Kennzeichnend für die Situation des Menschen sind tiefreichende Widersprüche. Der wohl am tiefsten reichende ist der der Begrenztheit unserer Existenz, der letztlich seinen Ausdruck in der Unausweichlichkeit des Todes findet. Die Widersprüche haben ihren Grund in der Tatsache, dass wir bezüglich unserer gesamten physiologischen Organisation zwar Teil der tierischen Welt sind, doch gleichzeitig unabhängig von ihr. Wir gehören zu ihr, sind in ihr, und doch gehören wir nicht zu ihr.

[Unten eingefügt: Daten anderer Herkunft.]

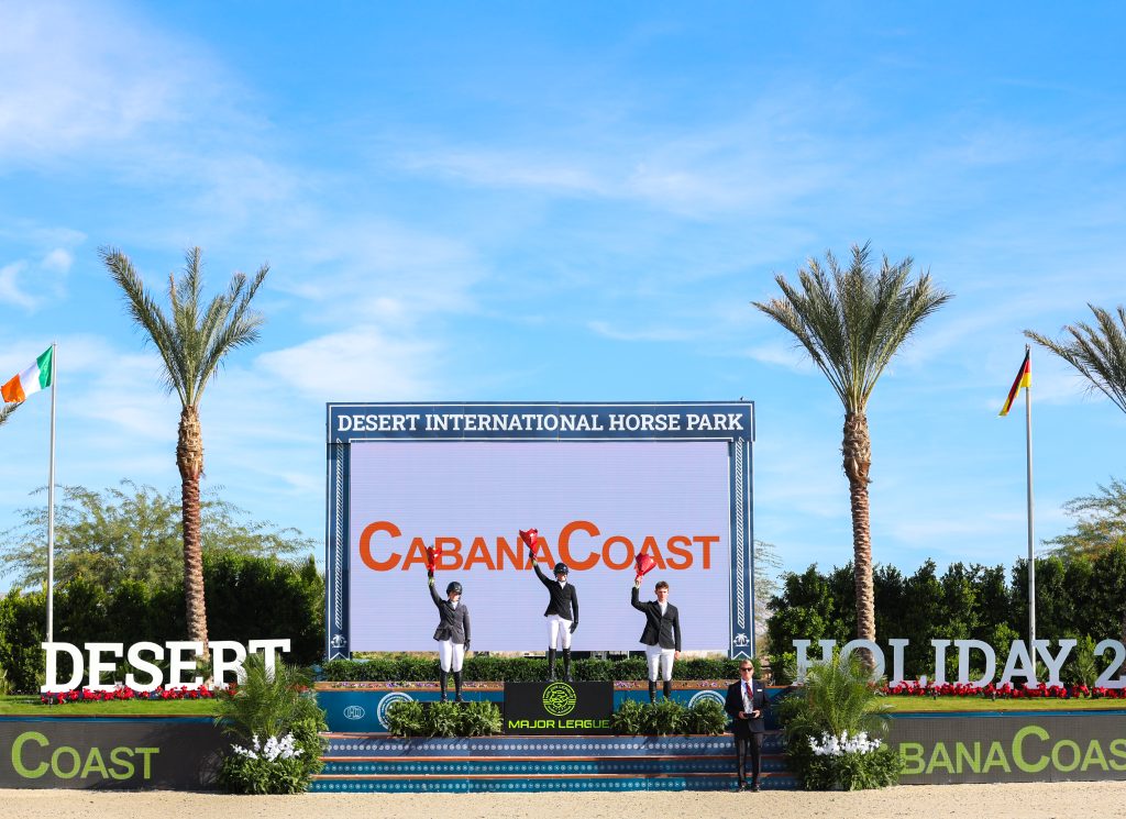 Stella Wasserman, Erynn Ballard and Tony Stormanns topped the podium in the $62,500 Cabana Coast CSI2* Grand Prix. Photo by High Desert Sport Photo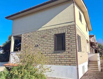 Al piano terra rialzato, un luminoso soggiorno accoglie gli ospiti, mentre la cucina abitabile è ideale per preparare deliziosi pasti in famiglia. Il bagno completamente ristrutturato al piano terra aggiunge un tocco di modernità. Una scala a vista conduce al primo piano, dove si trovano due camere da letto, una cameretta e un secondo bagno con doccia, perfetto per le esigenze quotidiane.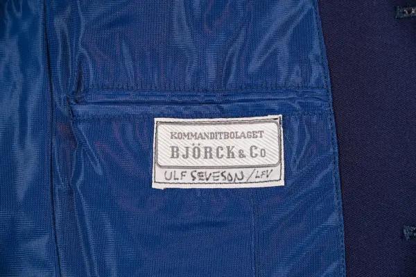 - Ingår i en hel kostym bestående av kavaj, väst och byxa som tillhört Ulf Seveson, tidigare anställd på Luftfartsverket.
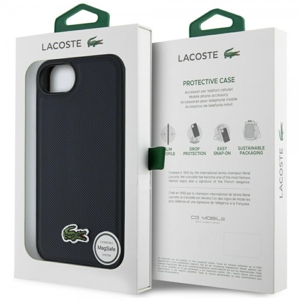 Lacoste iPhone 16e / 17e Hülle Case Iconic Petit Pique Woven Logo MagSafe Blau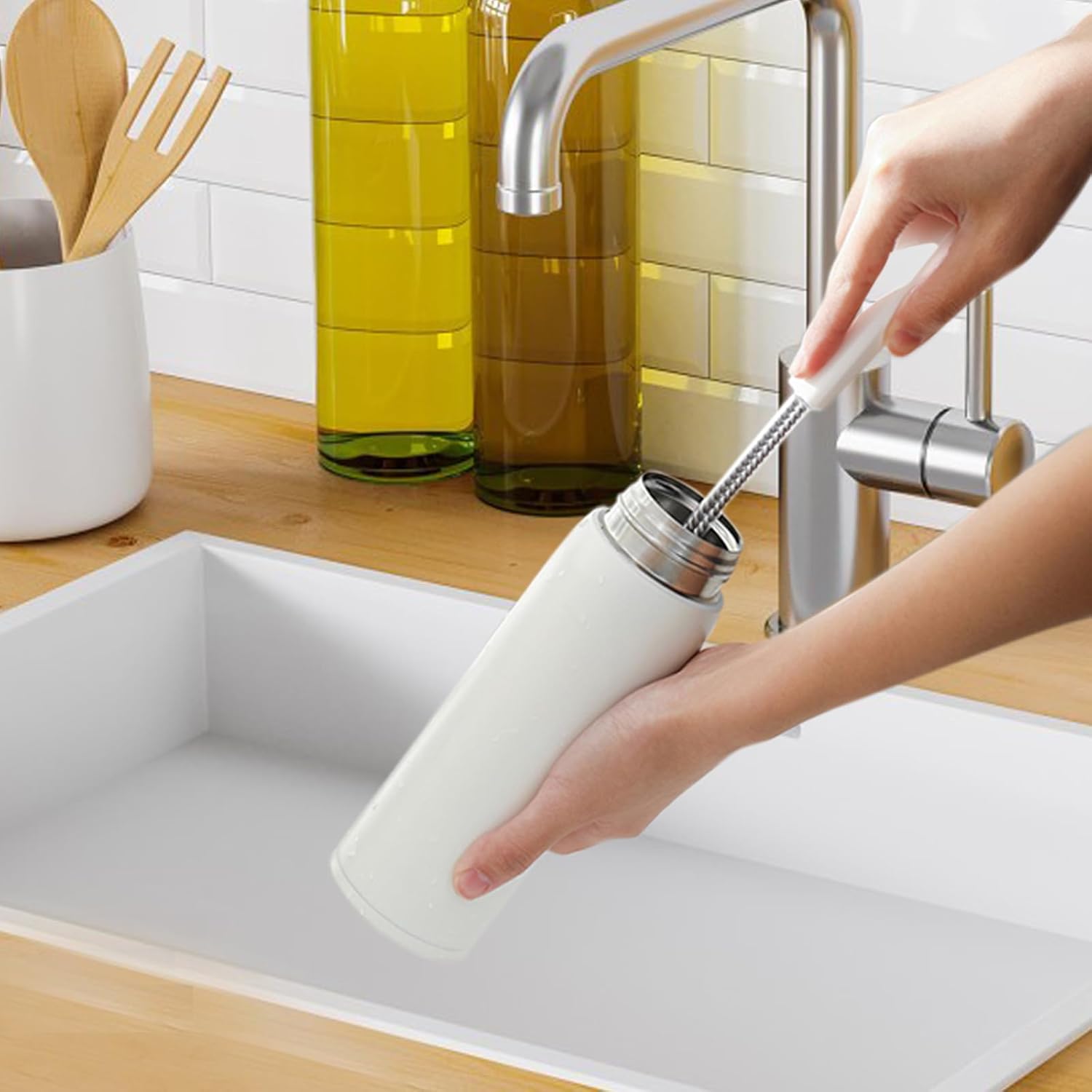 - Efficient Storage: Equipped with a space-saving hanging hook, this brush can be conveniently hung, saving valuable kitchen space. Please note: This brush is only suitable for bottles with a neck opening larger than 4cm (1.6 inches).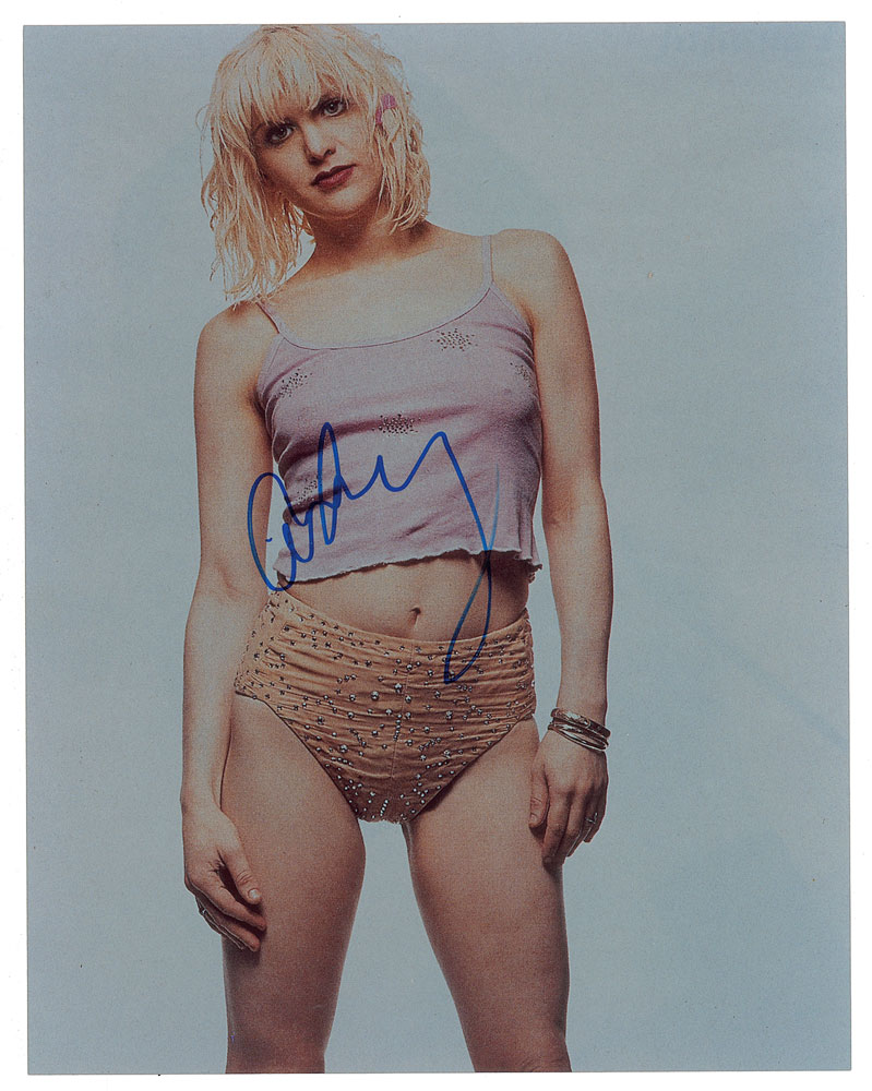 Color glossy 11 x 14 photo of the scantily dressed frontwoman for the band Hole, signed in blue felt tip, "Courtney." In very good to fine condition, with moderate creasing to the upper right background area. From The John Brennan In-person Autograph Collection.

Uns sind Vernunft und Vorstellungsvermögen zu eigen, die es uns erlauben, ja die uns beinahe zwingen, uns unserer selbst gewahr zu werden als unterschiedene, eigene Wesen, und uns unseres eigenen unausweichlichen Endes, das das genaue Gegenteil des Lebens ist, bewusst zu sein. Wir müssen uns mit den Widersprüchen in unserer Existenz auseinandersetzen und unserem Leben selbst einen Sinn geben. Es ist uns unmöglich, nur zu leben, zu essen und zu trinken, ohne dem Leben einen Sinn zu geben. Wir müssen immer eine Antwort auf das Problem des Lebens geben, und zwar sowohl theoretisch wie auch praktisch. Damit meine ich, dass wir einen Bezugsrahmen benötigen, an dem wir uns in unserem Leben orientieren können, so dass der Prozess des Lebens und unsere Position in ihm irgendwie wahrnehmbar und bedeutsam wird. Wenn wir nicht verrückt sind und wenn wir nicht das Wissen um die Probleme unserer Existenz verdrängen, indem wir zwanghaft einem Fluchtweg folgen – was manchen Menschen gelingt, und zwar zum Teil sehr umfassend –, dann müssen wir uns mit der Frage der Bedeutung unseres Lebens befassen; dazu benötigen wir einen Bezugs- und Orientierungsrahmen, der uns Sinn gibt. Es geht dabei nicht nur um einen intellektuellen Rahmen; vielmehr benötigen wir auch als Ordnungsprinzip ein Objekt der Hingabe, für das wir unsere Energien hingeben können über das hinaus, was wir für Produktion und Reproduktion brauchen.